PROBLEM TO SOLVE: Restate word for word the section of the entries that opens at the line containing "행사는 금천구에 등록된" and closes at the line containing "Porträtt, kvinna i", both lines kept, pictures dropped.

[Dataset items]
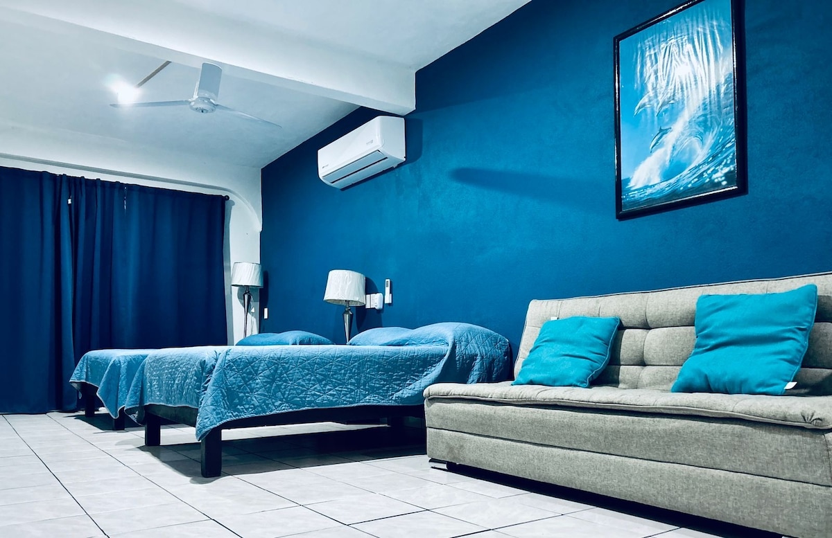 Disfruta de un acogedor departamento céntrico y a unos pasos de la playa. Ubicación privilegiada en el corazón del auténtico Vallarta. Bonito, luminoso, con balcón y una pequeña terraza. 2 recámaras con aire acondicionado, ventiladores y 1 baño completo. Nuestra cocina ha sido recientemente renovada con una barra más amplia y cómoda para cocinar. También contamos con un WIFI veloz con dos módem uno en la recámara principal y otro en la sala.
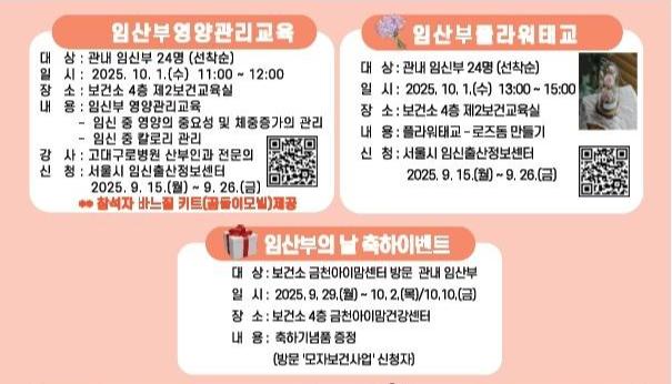행사는 금천구에 등록된 임산부를 대상으로 진행된다. ▲ 임신기간 영양 관리교육 ▲ 플라워태교 체험 ▲ 보건소 내소자 축하 이벤트 ▲ 건강 프로그램 등 다양한 내용으로 구성된다.
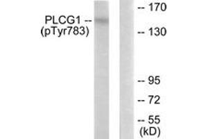 PLCG1 (Phospho-Tyr783) Antibody detects endogenous levels of PLCG1 only when phosphorylated at Tyr783.
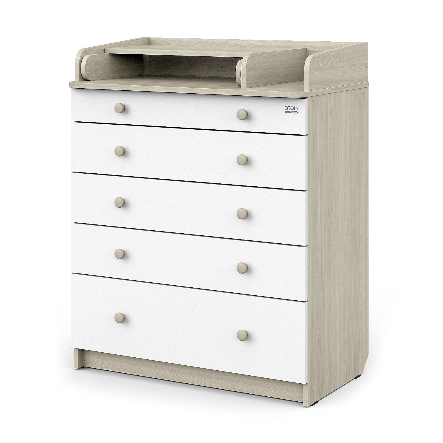 Комод пеленальный Атон Maks 5 ящиков, Древесина белая/белый
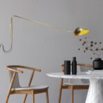 Efeito Luminoso: Luz de tarefa e ambiente altamente posicionável. A grande estrela é a flexibilidade: o difusor pode ser trazido para exatamente sobre uma mesa de trabalho, um livro, um quadro ou uma planta, funcionando como um pendente virtual que pode ser movido conforme a necessidade. É iluminação sob demanda.
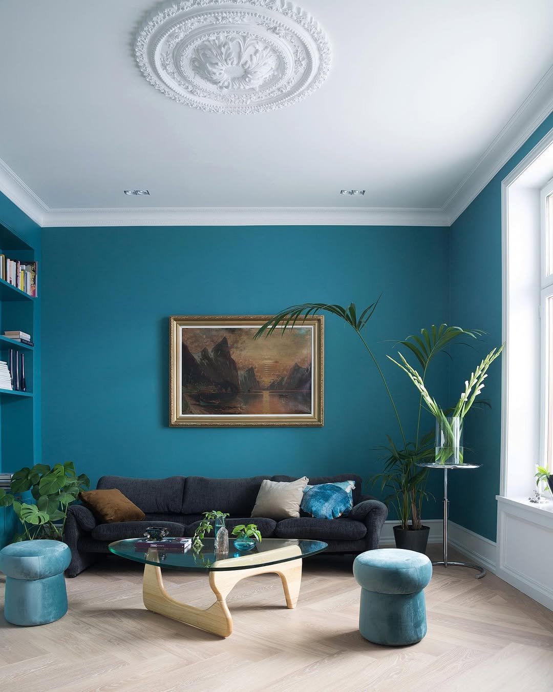 This room leans into that clean, airy Scandinavian vibe—but with a deeper twist. The teal walls bring in mood, while the light flooring and minimal furniture keep it feeling open and fresh.
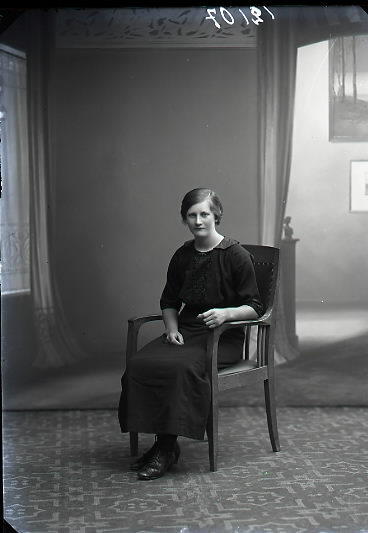 Porträtt, kvinna i helfigur som sitter. Ateljébild. Beställare: Anna Bengtsson, Träslöv.
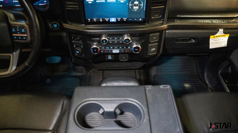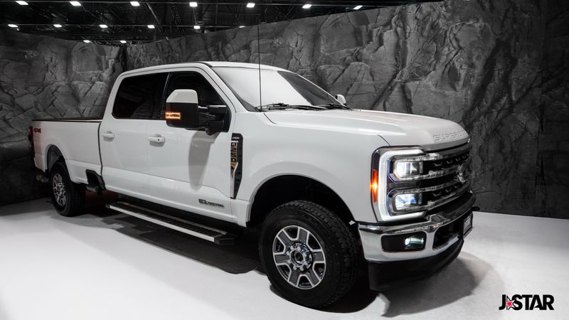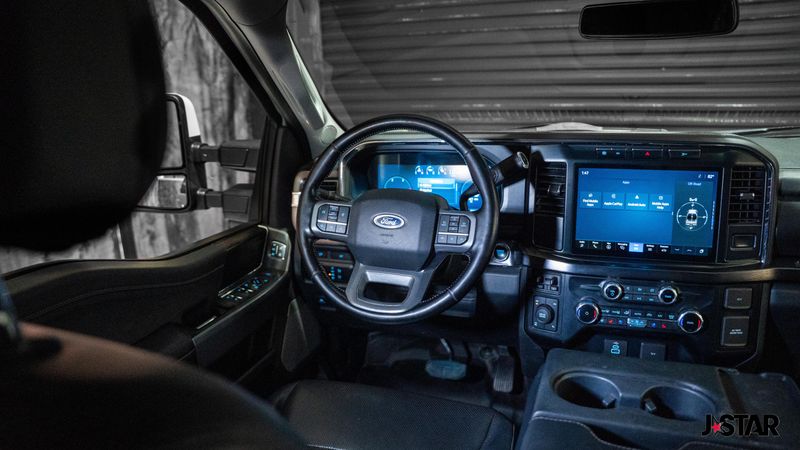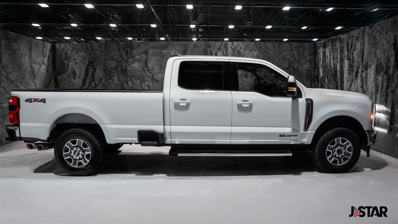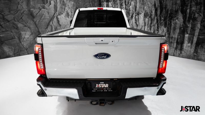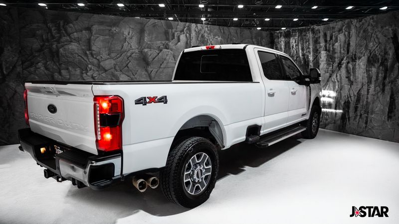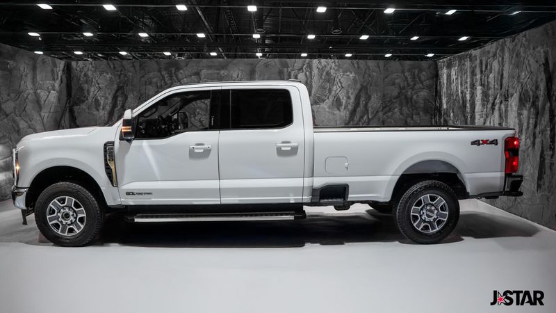2023 Oxford White Ford F-250 SuperDuty Lariat 4WD is well equipped and includes these features and benefits: F-250 >10K GVWR Package, Order Code 608A, 4WD, 3.73 Axle Ratio, 4-Wheel Disc Brakes, 410 Amp Dual Alternators, 6'' Angular Bright Anodized Step Bars, 8 Speakers, ABS brakes, Adjustable pedals, Air Conditioning, Alloy wheels, AM/FM radio: SiriusXM with 360L, Auto High-beam Headlights, Auto tilt-away steering wheel, Auto-dimming Rear-View mirror, Automatic temperature control, Brake assist, Bumpers: chrome, Compass, Delay-off headlights, Driver door bin, Driver vanity mirror, Dual 68 AH/65 AGM Batteries, Dual front impact airbags, Dual front side impact airbags, Electronic Stability Control, Electronic-Locking w/3.31 Axle Ratio, Emergency communication system: SYNC 4 911 Assist, Engine Block Heater, Exterior Parking Camera Rear, Flow-Through Console, Front anti-roll bar, Front Bucket Seats, Front Center Armrest, Front dual zone A/C, Front fog lights, Front Leather-Trimmed 40/Console/40 Seats, Front License Plate Bracket, Front reading lights, Fully automatic headlights, Garage door transmitter, Heated door mirrors, Heated front seats, Heated rear seats, Heated steering wheel, Illuminated entry, Leather steering wheel, Low tire pressure warning, Memory seat, Navigation system: Connected Navigation, Outside temperature display, Overhead airbag, Overhead console, Panic alarm, Passenger door bin, Passenger vanity mirror, Pedal memory, Power door mirrors, Power driver seat, Power passenger seat, Power steering, Power windows, Radio: B&O Sound System by Bang & Olufsen, Rain sensing wipers, Rapid-Heat Supplemental Cab Heater, Rear reading lights, Rear seat center armrest, Rear step bumper, Rear window defroster, Remote keyless entry, Security system, SiriusXM Radio w/360L, Speed control, Split folding rear seat, Steering wheel memory, Steering wheel mounted audio controls, SYNC 4 w/Enhanced Voice Recognition, Tachometer, Telescoping steering wheel, Tilt steering wheel, Traction control, Trip computer, Turn signal indicator mirrors, Upfitter Switches (6), Variably intermittent wipers, Ventilated front seats, and Wheels: 18'' Bright Machined & Carbonized Gray Alum. 4WD.

RESPONSE TO THIS EXERCISE:
행사는 금천구에 등록된 임산부를 대상으로 진행된다. ▲ 임신기간 영양 관리교육 ▲ 플라워태교 체험 ▲ 보건소 내소자 축하 이벤트 ▲ 건강 프로그램 등 다양한 내용으로 구성된다.
 PLCG1 (Phospho-Tyr783) Antibody detects endogenous levels of PLCG1 only when phosphorylated at Tyr783.
 Комод пеленальный Атон Maks 5 ящиков, Древесина белая/белый
 Efeito Luminoso: Luz de tarefa e ambiente altamente posicionável. A grande estrela é a flexibilidade: o difusor pode ser trazido para exatamente sobre uma mesa de trabalho, um livro, um quadro ou uma planta, funcionando como um pendente virtual que pode ser movido conforme a necessidade. É iluminação sob demanda.
 This room leans into that clean, airy Scandinavian vibe—but with a deeper twist. The teal walls bring in mood, while the light flooring and minimal furniture keep it feeling open and fresh.
 Porträtt, kvinna i helfigur som sitter. Ateljébild. Beställare: Anna Bengtsson, Träslöv.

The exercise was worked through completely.